Recorded data:
• • • • • • •

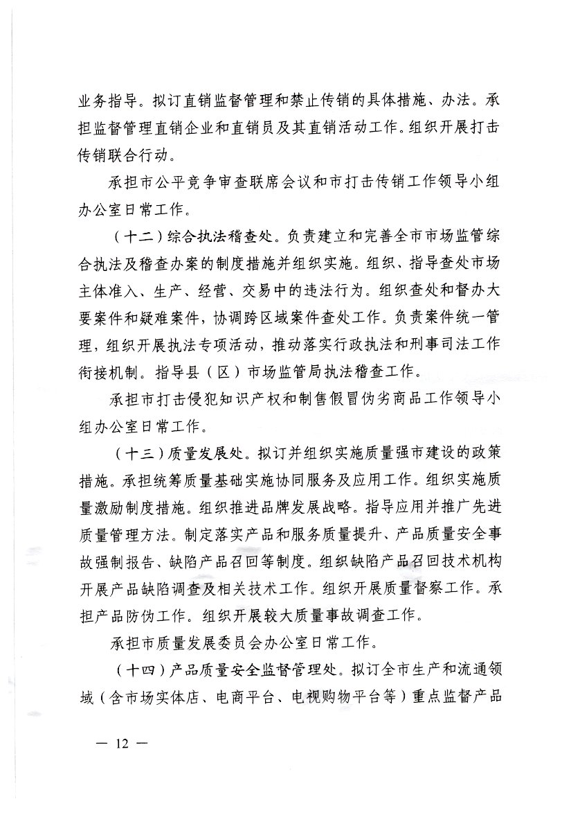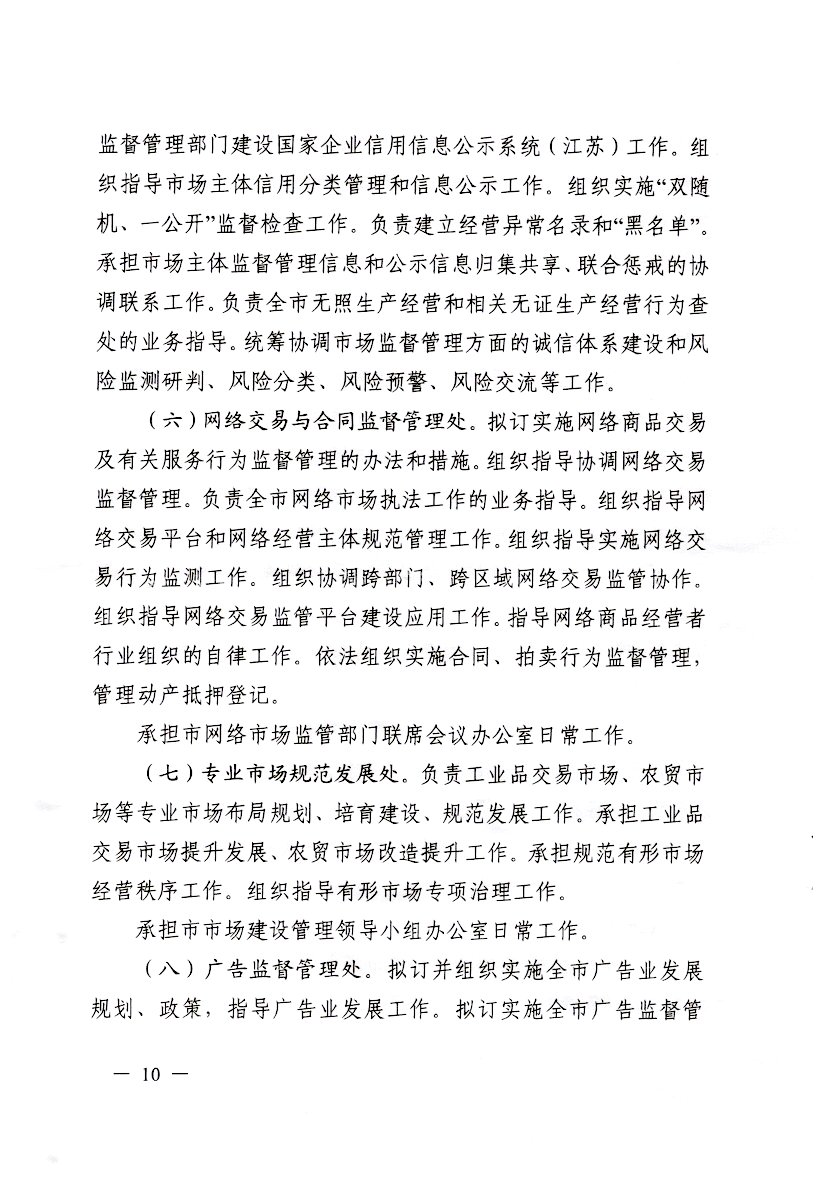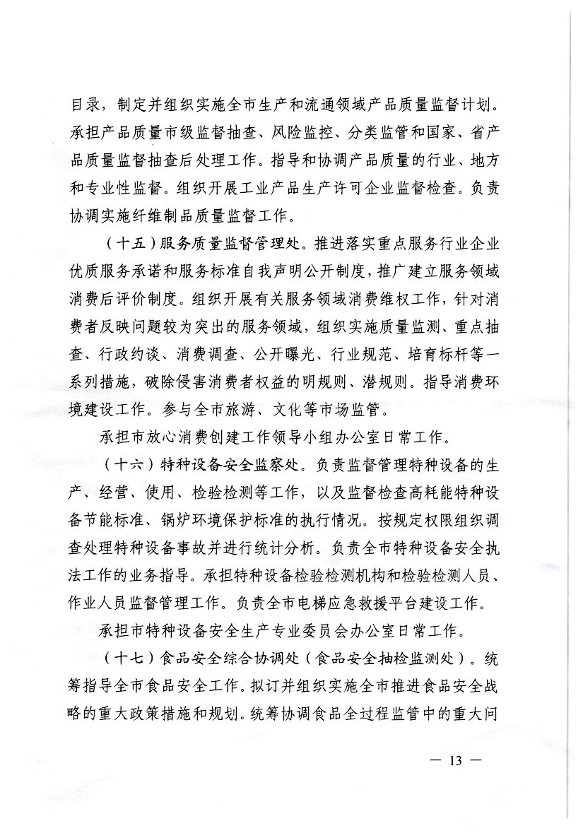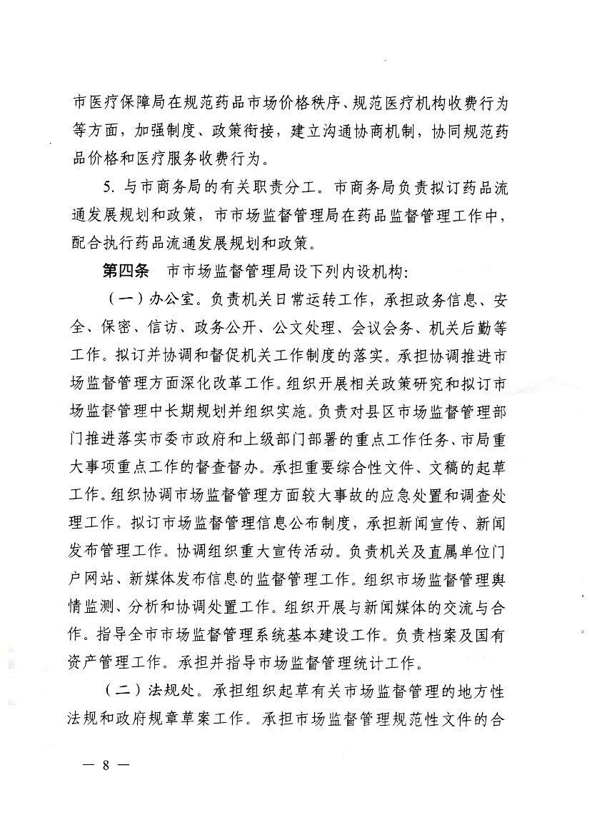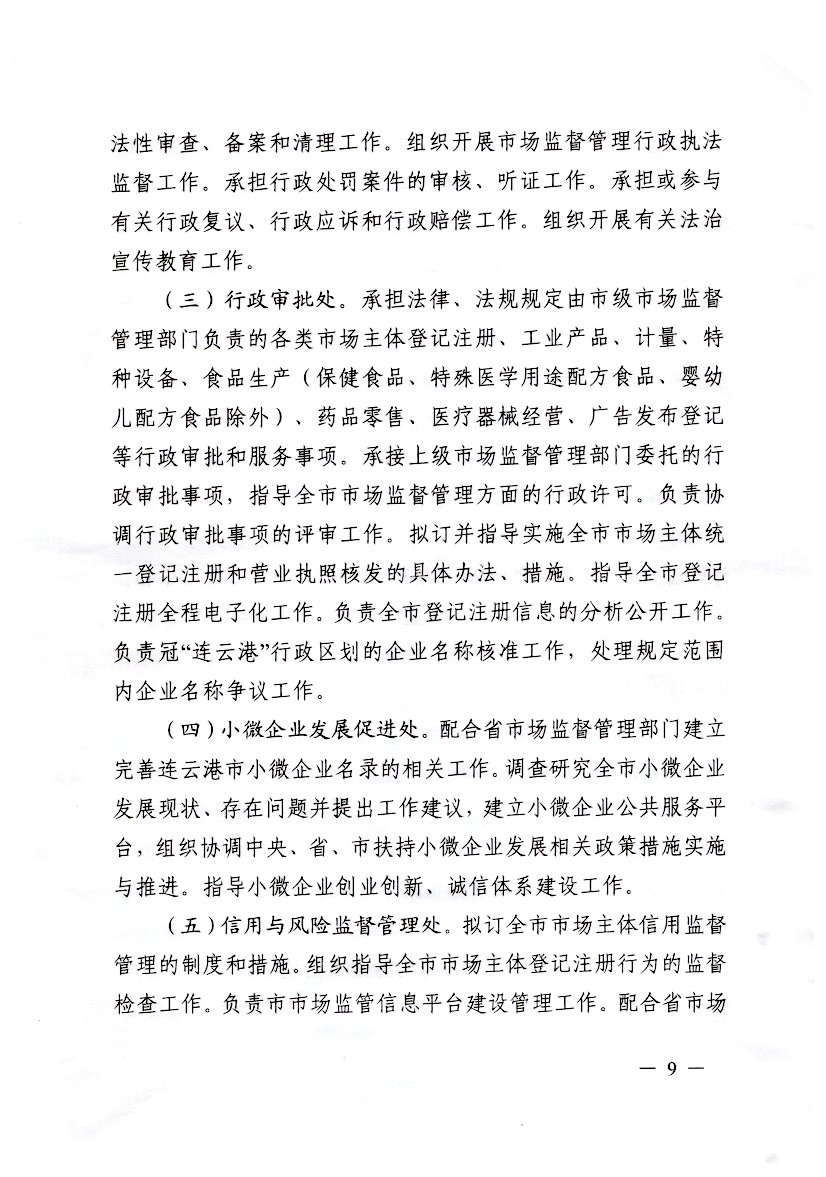 市委办公室 市政府办公室 关于印发《连云港市市场监督管理局职能配置、内设机构和人员编制规定》的通知
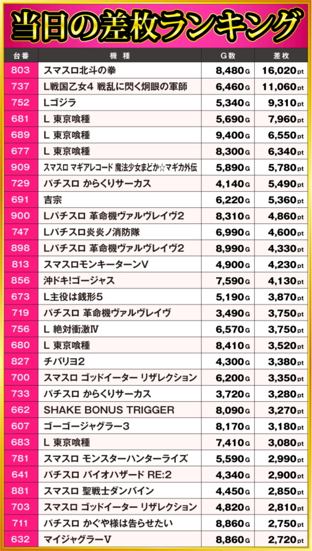 この日、最もプレイヤーの注目を集めたのが『スマスロ北斗の拳』で、803番台が怒涛の+16,020ptを記録。続く『L戦国乙女4 戦乱に閃く炯眼の軍師』も万枚超を達成している。さらに、『Lゴジラ』から+9,310pt、『L 東京喰種』は+7,960ptに+6,000pt超が2台も発生しており、差枚上位機種が実にハイレベルな結果を残し店内を盛り上げていた。
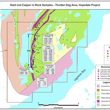 Eight occurrences have been identified on the Hopedale project to date reflecting multiple mineralization styles including orogenic gold, magmatic Ni sulphide, copper-silver vein and Zn-rich volcanogenic massive sulphide.
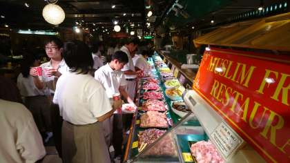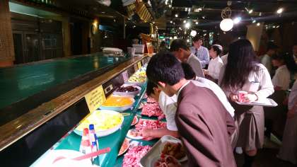 昼食会場(カーネルステーション銀座店)に到着し、昼食が始まりました。焼き肉の食べ放題です。
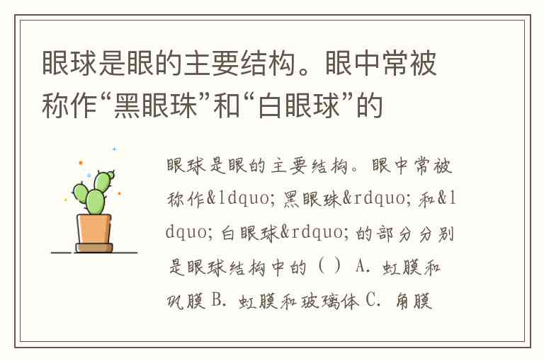 眼球是眼的主要结构。眼中常被称作“黑眼珠”和“白眼球”的部分分别是眼球结构中的() A. 虹膜和巩膜 B. 虹膜和玻璃体 C. 角膜和虹膜 D. 角膜和视网膜
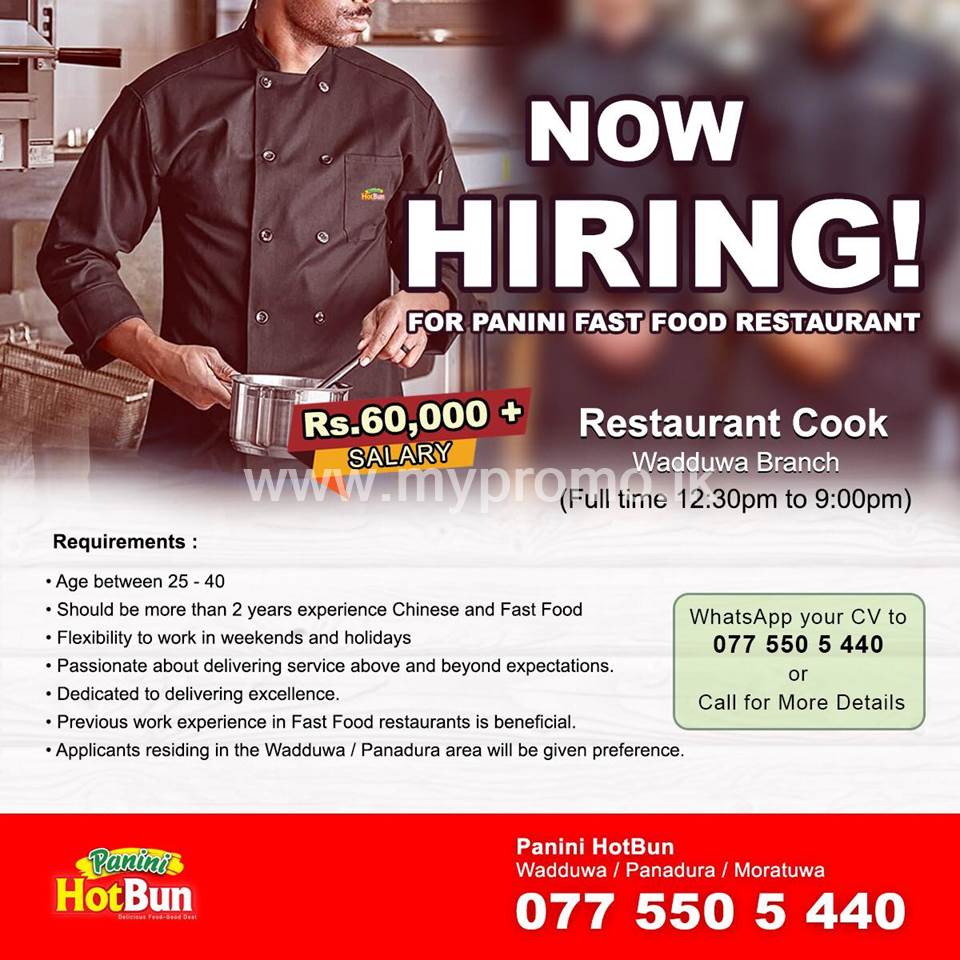 Chinese & Fastfood: An opportunity for a cook with 2 years of experience.

• • • • • • •

TASK TO CARRY OUT:
Repeat the lines exactly, starting with the line that contains "Eight occurrences have" and ending with the last line of the entries. Keep both of those lines but no pictures.

RESPONSE TO THIS EXERCISE:
 Eight occurrences have been identified on the Hopedale project to date reflecting multiple mineralization styles including orogenic gold, magmatic Ni sulphide, copper-silver vein and Zn-rich volcanogenic massive sulphide.
 昼食会場(カーネルステーション銀座店)に到着し、昼食が始まりました。焼き肉の食べ放題です。
 眼球是眼的主要结构。眼中常被称作“黑眼珠”和“白眼球”的部分分别是眼球结构中的() A. 虹膜和巩膜 B. 虹膜和玻璃体 C. 角膜和虹膜 D. 角膜和视网膜
 Chinese & Fastfood: An opportunity for a cook with 2 years of experience.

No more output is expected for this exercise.